GNOME Bugzilla – Bug 654146
HTML parser strips pseudo-namespaces (fb:like, g:plusone etc)
Last modified: 2021-07-05 13:20:59 UTC
When parsing HTML documents that contain XFBML (facebook markup), the parser remove the namespace required as part of that markup is stripped, so <fb:like> turns into <like>. (Same thing happens to <g:plusone></g:plusone>) This makes processing pages that incorporate XFBML with lxml much harder. I'm not 100% positive, but it looks like it's impossible to preserve that information when parsing with HTMLParser.
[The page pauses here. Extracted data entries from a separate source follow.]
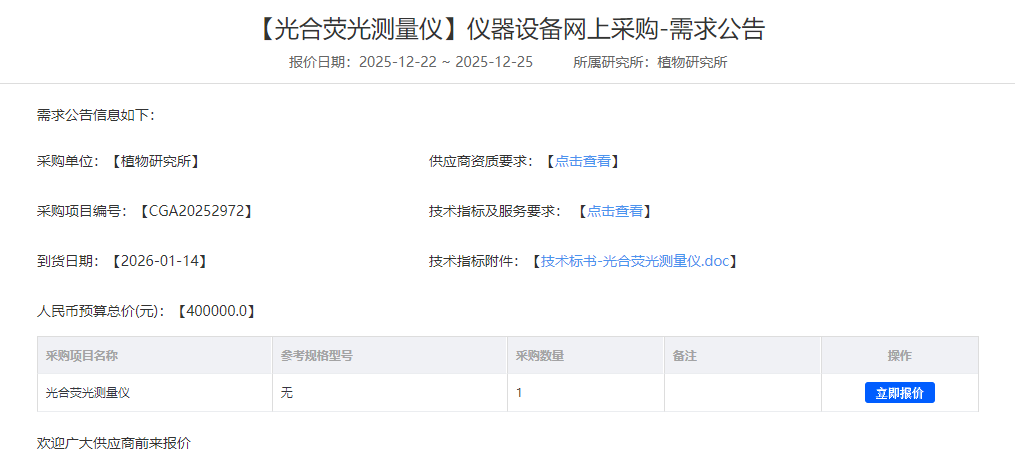 详情可登录中国科学院网上采购平台http://zkcg.cas.cn/,通过采购项目名称或采购项目编号进行搜索。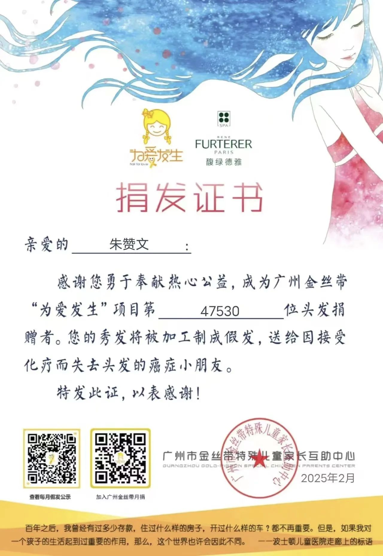 在郑州市龙子湖畔1066vip威尼斯官网的校园里,有一个留着70厘米黑直长发的男生,常被学妹叫“学姐”,常被餐厅打饭阿姨问“姑娘,吃点啥”。他叫朱赞文,1066vip威尼斯官网食品与生物工程学院2022级的一名男生。近日,他收到一张广州寄来的捐发证书,摸着自己的寸头,朱赞文告诉记者,刚刚剪掉了自己留了三年的70厘米长发,捐给了患癌化疗的儿童做假发。一名男生因何下决心留长发助力癌童,这还要从一次义工经历说起。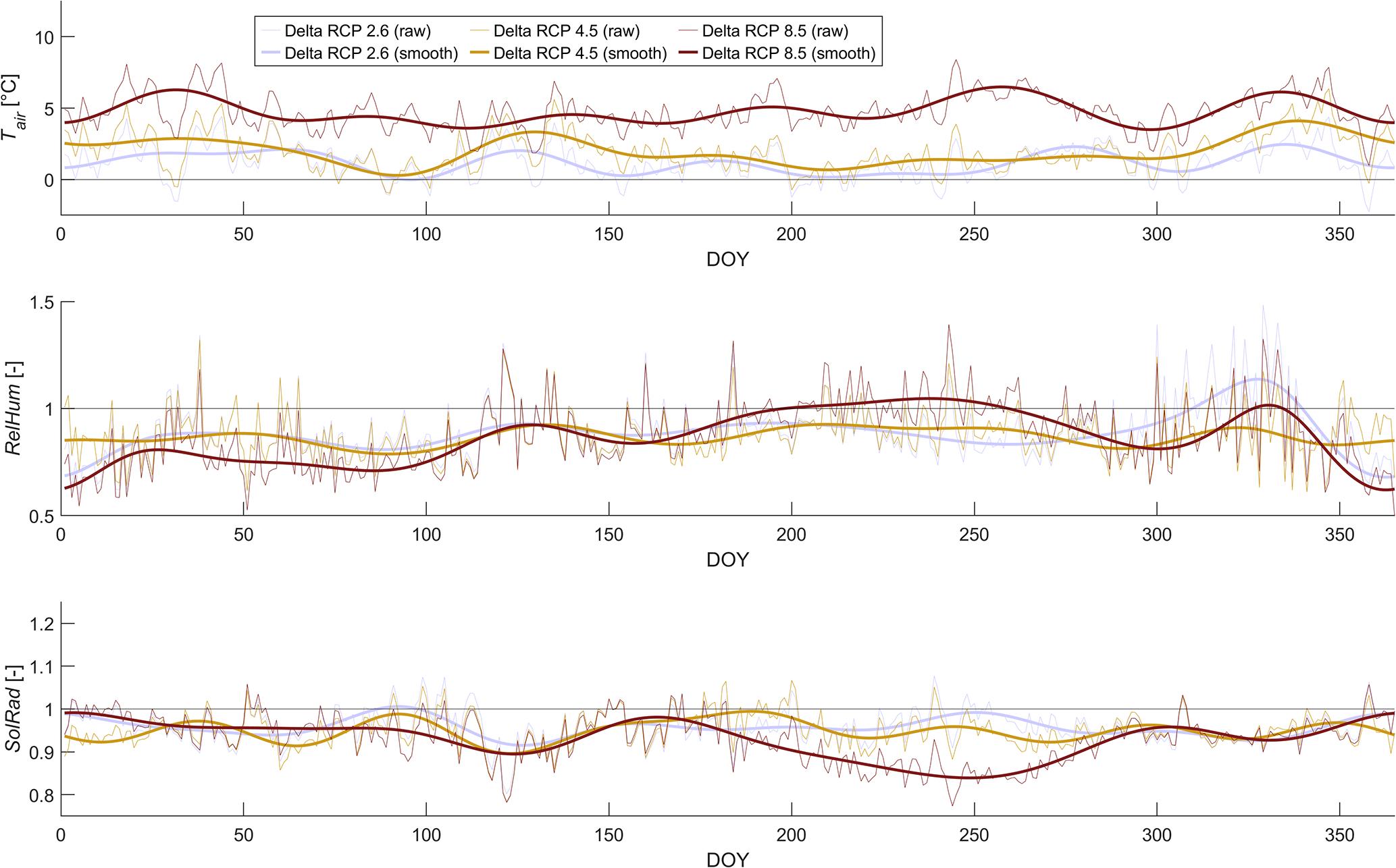 Figure 2Delta computed for 3 different RCPs (time-horizon 2080–2090) based on raw and smoothed timeseries for air temperature (top), relative humidity (middle) and solar radiation (bottom) versus day of year (DOY).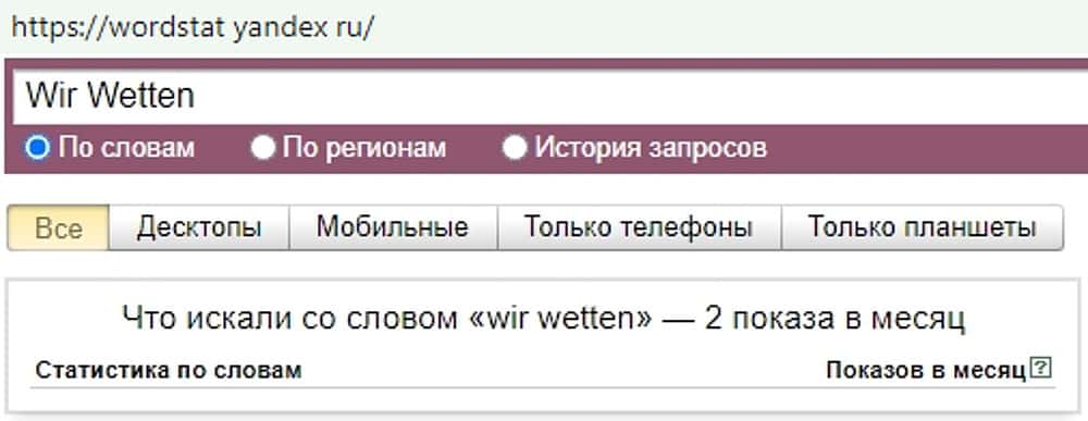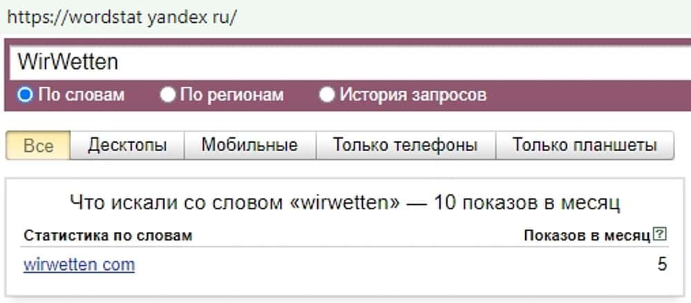 Еще меньшей популярностью пользуется написание бренда жуликов "Wir Wetten". Его и вовсе за целый месяц пытались искать всего 2 раза. Эта лохушня не востребована в Яндекс.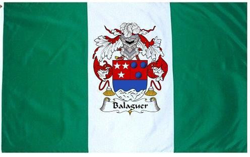 Balaguer Family Crest Flag / Coat of Arms Flag. You will receive a high quality 3' x 5' Polyester flag with two brass grommets. Proudly display your family heritage with this flag, or hang as a banner on a wall. Our flags make great gifts for birthdays, weddings, anniversaries, fathers day, mothers day, groomsmen gifts, and any other occasion
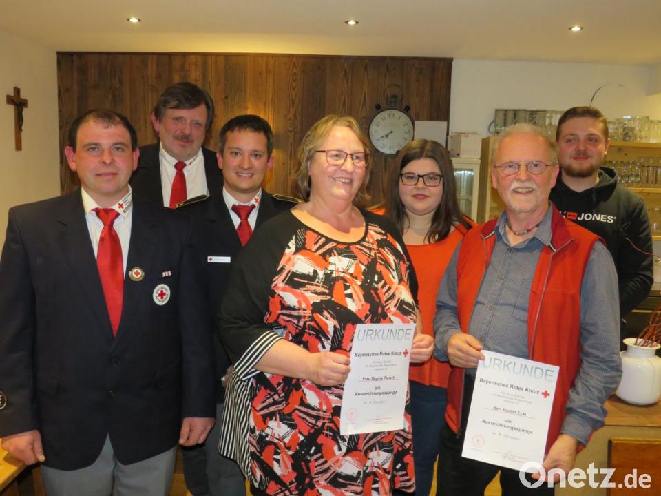 Stellvertretender Kreisbereitschaftsleiter Thomas Rauch lobte die Leistungen die von den Helfern vor Ort geleistet werden. Er dankte den Aktiven und der Leitung, die viel für das Wohl der Menschen tun. Im Namen des BRK überreichte er an Rudi Eckl und Regina Pausch Urkunde für 5 Jahr aktiven Dienst.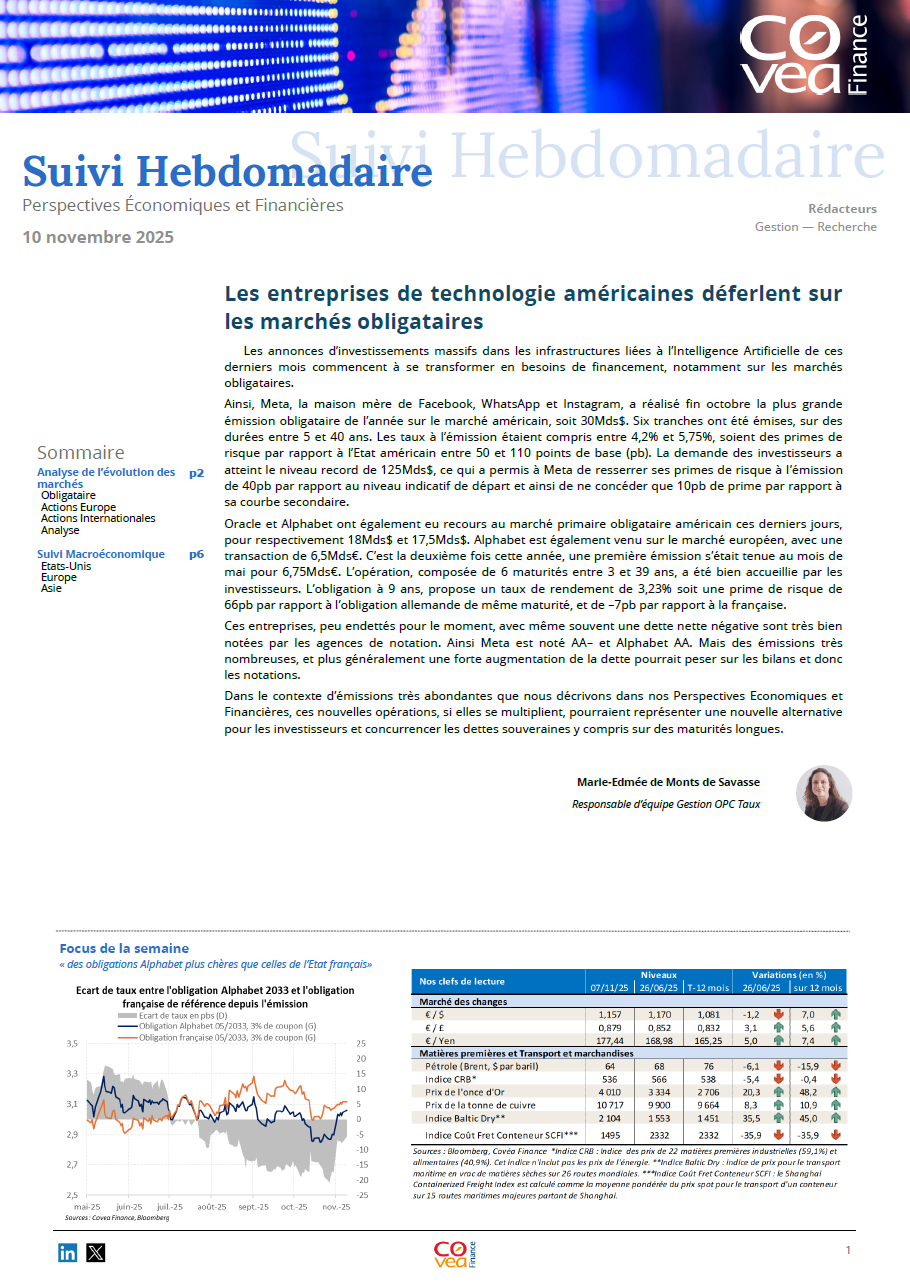 Dans le contexte d’émissions très abondantes que nous décrivons dans nos Perspectives Economiques et Financières, ces nouvelles opérations, si elles se multiplient, pourraient représenter une nouvelle alternative pour les investisseurs et concurrencer les dettes souveraines y compris sur des maturités longues.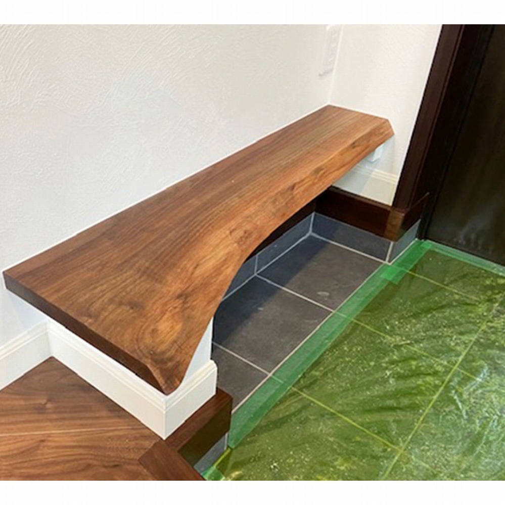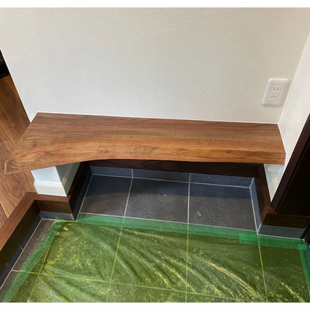 玄関のベンチにはウォールナット材の一枚板をサイズ・形ともにぴったりでお届けさせていただきました。

However XMLParser is not an option unfortunately -- those tags are used in all kinds of real-world HTML documents and for that reason I hope you can add an ability to preserve those pseudo-namespaces (not even necessarily by default). Thank you. See also: http://stackoverflow.com/questions/6597271/how-to-preserve-namespace-information-when-parsing-html-with-lxml @ubuntu:~$ echo '<fb:like/>'|xmllint --html - -:1: namespace warning : Namespace prefix fb is not defined <fb:like/> ^ -:1: HTML parser error : Tag fb:like invalid <fb:like/> ^ <!DOCTYPE html PUBLIC "-//W3C//DTD HTML 4.0 Transitional//EN" "http://www.w3.org/TR/REC-html40/loose.dtd"> <html><body><like></like></body></html> @ubuntu:~$ echo '<!DOCTYPE html><html xmlns="http://www.w3.org/1999/xhtml" xmlns:fb="http://www.facebook.com/2008/fbml"><fb:like/></html>'|xmllint --html - -:1: namespace warning : Namespace prefix fb is not defined p://www.w3.org/1999/xhtml" xmlns:fb="http://www.facebook.com/2008/fbml"><fb:like ^ -:1: HTML parser error : Tag fb:like invalid p://www.w3.org/1999/xhtml" xmlns:fb="http://www.facebook.com/2008/fbml"><fb:like ^ <!DOCTYPE html> <html xmlns="http://www.w3.org/1999/xhtml" xmlns:fb="http://www.facebook.com/2008/fbml"><body><like></like></body></html>
I came across this undesirable behaviour also, in version 2.9.2. Attached patch fixes it. Since attributes starting with xmlsn are not parsed in HTML (cf. SAX2.c:1699 and SAX2.c:1740) it makes sense to include the full name, not just the local part, as the element name in the DOM tree.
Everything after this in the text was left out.